🤖 AI Summary
This paper investigates the asymptotic consistency of $k$-means clustering under weak moment conditions—specifically, when the underlying distribution has only a finite first moment (potentially infinite variance). Using probabilistic analysis and statistical learning theory, we establish, for the first time, that even when the population $k$-means solution is unique, the empirical cluster centers may fail to converge due to extreme cluster imbalance. We identify cluster size imbalance as the fundamental cause of inconsistency. To address this, we propose imposing a pre-specified cluster balance constraint as a regularization mechanism and derive verifiable sufficient conditions under which empirical centers regain asymptotic consistency under merely finite expectation. Our work not only ensures well-posedness of the population $k$-means problem under weak moments but also provides theoretical foundations and practical corrective strategies for clustering stability with heavy-tailed data.
📝 Abstract
A celebrated result of Pollard proves asymptotic consistency for $k$-means clustering when the population distribution has finite variance.
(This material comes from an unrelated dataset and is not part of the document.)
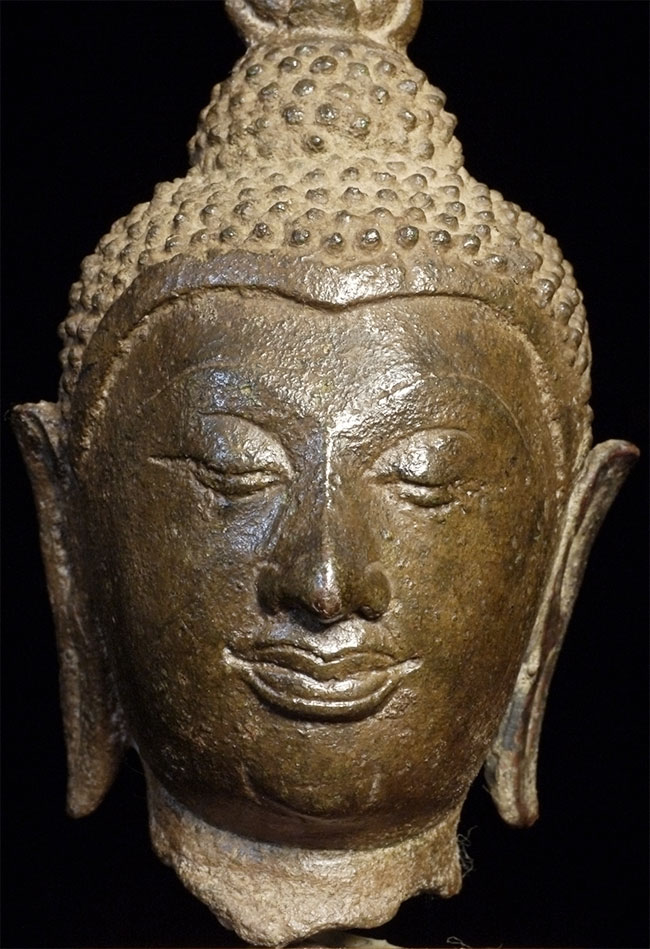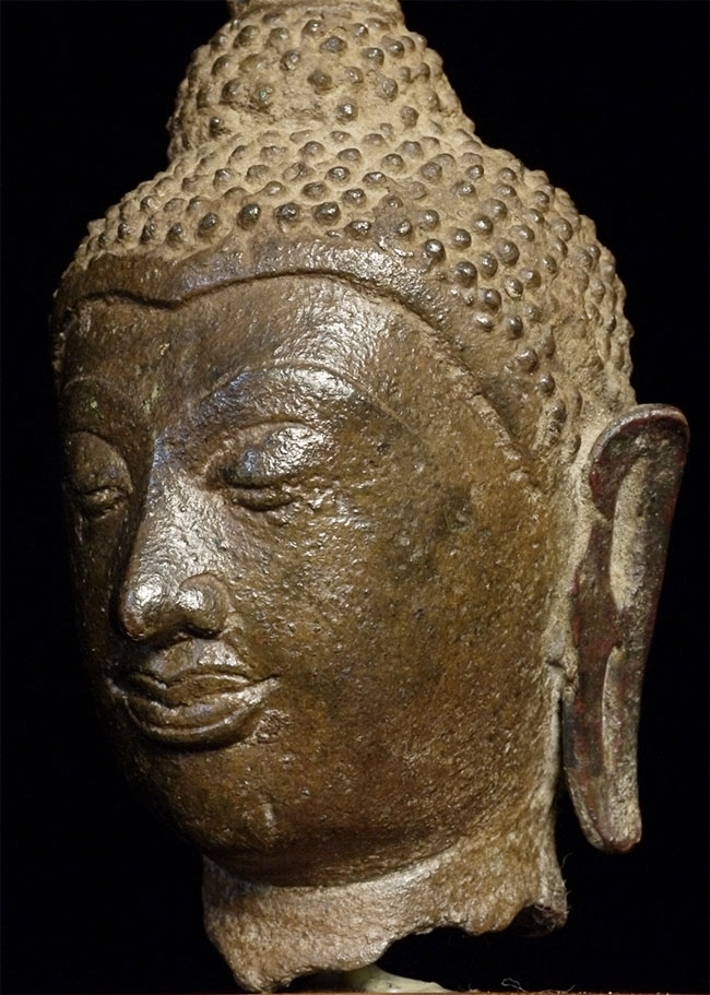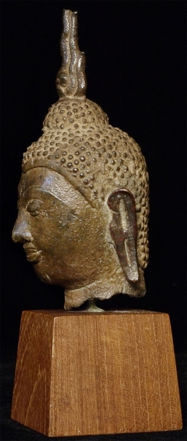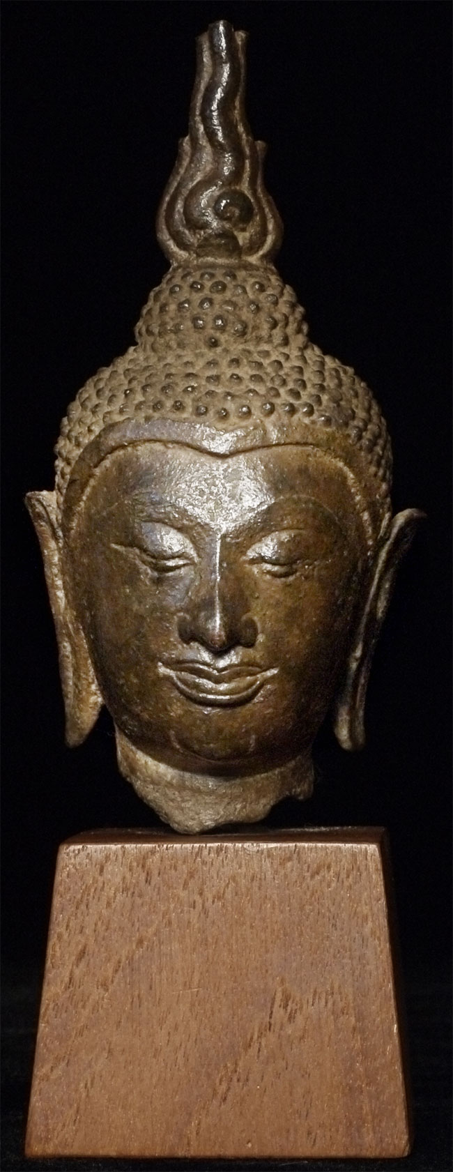 Very fine 15thC Utong "C" Thai Bronze Buddha Head. Utong type can sometimes looks very serious- this pieces shows it at it's very best- filled with compassion, serenity, and happiness. Head alone is almost 5 inches tall, on attached stand the total height is 6.75 inches.

In this work, we point out that the population-level $k$-means clustering problem is, in fact, well-posed under the weaker assumption of a finite expectation, and we investigate whether some form of asymptotic consistency holds in this setting. As we illustrate in a variety of negative results, the complete story is quite subtle; for example, the empirical $k$-means cluster centers may fail to converge even if there exists a unique set of population $k$-means cluster centers. A detailed analysis of our negative results reveals that inconsistency arises because of an extreme form of cluster imbalance, whereby the presence of outlying samples leads to some empirical $k$-means clusters possessing very few points. We then give a collection of positive results which show that some forms of asymptotic consistency, under only the assumption of finite expectation, may be recovered by imposing some a priori degree of balance among the empirical $k$-means clusters.